I’m not going to bore you with the detail of how Git and its distributed model works, there are plenty of excellent articles littering the web you can find with a quick search on Google. Instead I’m going to explain why I believe Git provides the best source control for teams.
With Git, every developer has the full repository available to them locally on their hard disk. While this means the initial clone of a large repository takes longer than an SVN checkout, it’s just about instant to perform any local operation – such as diff your entire tree (or any part thereof) or to add a new commit with no network connectivity needed. This makes it great to work in a totally disconnected environment, since the only operations that need network access are pushing and pulling code in other repositories.

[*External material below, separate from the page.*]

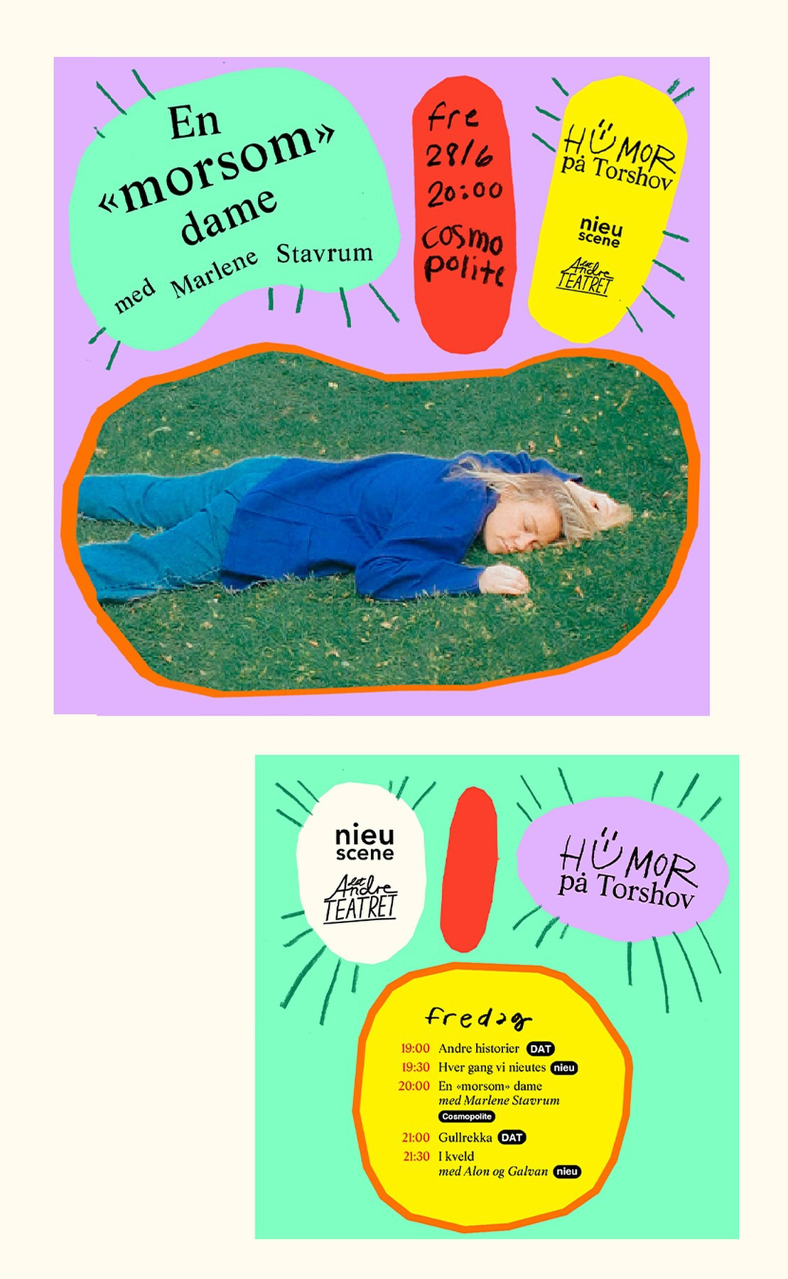 Humor på Torshov comedy festival Contributed by Store Norske Skriftkompani on Jun 13th, 2024. Artwork published in June 2024. Source: www.instagram.com License: All Rights Reserved. Humor på Torshov (“comedy at Torshov”) is a local comedy festival in Oslo, Norway. Their identity and digital flyers are designed by Kristine Lie Øverland using Store Norske Leif, by Skriftkompani. Source: www.instagram.com License: All Rights Reserved. Source: www.instagram.com License: All Rights Reserved. Source: www.instagram.com License: All Rights Reserved. Source: www.instagram.com License: All Rights Reserved. Source: www.instagram.com License: All Rights Reserved. Source: www.instagram.com License: All Rights Reserved. Source: www.instagram.com License: All Rights Reserved. Typefaces More about Store Norske LeifGet Store Norske Leif Formats Branding/Identity (8472) Posters/Flyers (5778) Topics Entertainment (1541) Event (3225) Local (1578) Performing Arts (997) Designers/Agencies Kristine Lie Øverland (2) Tagged withflyers (357)Norwegian (language) (157)comedy (207)festivals (229)theater (336)handwriting (201)smileys (84)hand-cut (27)collage (217)posters (1421)guillemets («») (185)type on an angle (1341)programs (637)early uses (2244) Artwork location Norway (305) Oslo (178) In SetsDesigns by Women (Fonts In Use Staff) (3595)Punk (Megan Cooper) (35)Poster (Megan Cooper) (18)Design inspiration (Olivia Michaelson) (26)Fun (Lucas Bevilaqua) (107) Post a comment Name Email – will not be published Website Your response Submit Comment More Store Norske Leif in use Lise Lebleux website2024Marianne PlanoContributed by Store Norske Skriftkompani Haus für Poesie2025Daniel ZenkerContributed by Store Norske Skriftkompani Pace Ventures website2024unknownContributed by Store Norske Skriftkompani Sponsor More in Performing Arts La Reine Blanche2016Atelier PapierContributed by Bureau Brut Eufonie classical music festival2018Uniforma StudioContributed by Uniforma Studio La Gaîté Lyrique website2020LargeYorgo&CoMatter of FactContributed by Marjan Blan Disco Tehran postersc. 2021Jose BerrioContributed by Jose Berrio Staff Pick More in Posters/Flyers Typ-ound manifesto poster2016Jae EeContributed by Aamina Ganser A Life’s Work – Adrian Frutiger2016Andrew WolfendenContributed by Andrew Wolfenden Sound Pellegrino Album Art2010Ill StudioNicolas MalinowskyContributed by Stephen Coles Staff Pick Marco Scremin portfolioc. 2020AttoContributed by Nikolas Wrobel More Fonts In Use Digital Precision CRT Display Type 30 Manual1964Contributed by Stephen Coles Staff Pick The Blue Flowers by Raymond Queneau (New Directions)2018Peter MendelsundContributed by Florian Hardwig Staff Pick Edition Moderne2019Claudio BarandunJulia MartiContributed by Production Type Staff Pick Kongenfest2016Ondrej JóbContributed by Typotheque Staff Pick

The side effect of this incredible disconnected environment is that everyone is effectively on their own branch of the repository. As soon as I start writing a single line of code that diverges from the repository I cloned from, I’m able to commit on my local repository without anyone else ever seeing it. This means I can commit more often and in smaller chunks without breaking the rest of the codebase for the other developers on the project and getting flamed afterwards. Also once you realise you’re on a branch anyway, the mental barrier of branching out breaks down. In the last couple of weeks I’ve had up to 7 branches in my local repository.
Of course the other half of branching is merging and the Git developers have paid careful attention to the merge model. Even on medium size code bases (2000 files or so) it takes less than a second to merge a set of changes into a branch on my laptop.
Overall this freedom of branching and merging means that developers know they can do more with their code without the risk of stepping on someone else’s toes. If it works, great, merge the changes in. If it doesn’t work, just delete the branch.
I really like the freedom of workflow Git provides and the speed and robustness of it. I’m pretty sure that more and more enterprise users will take up on Git over the next year or so, particularly with the power provided by providers such as GitHub.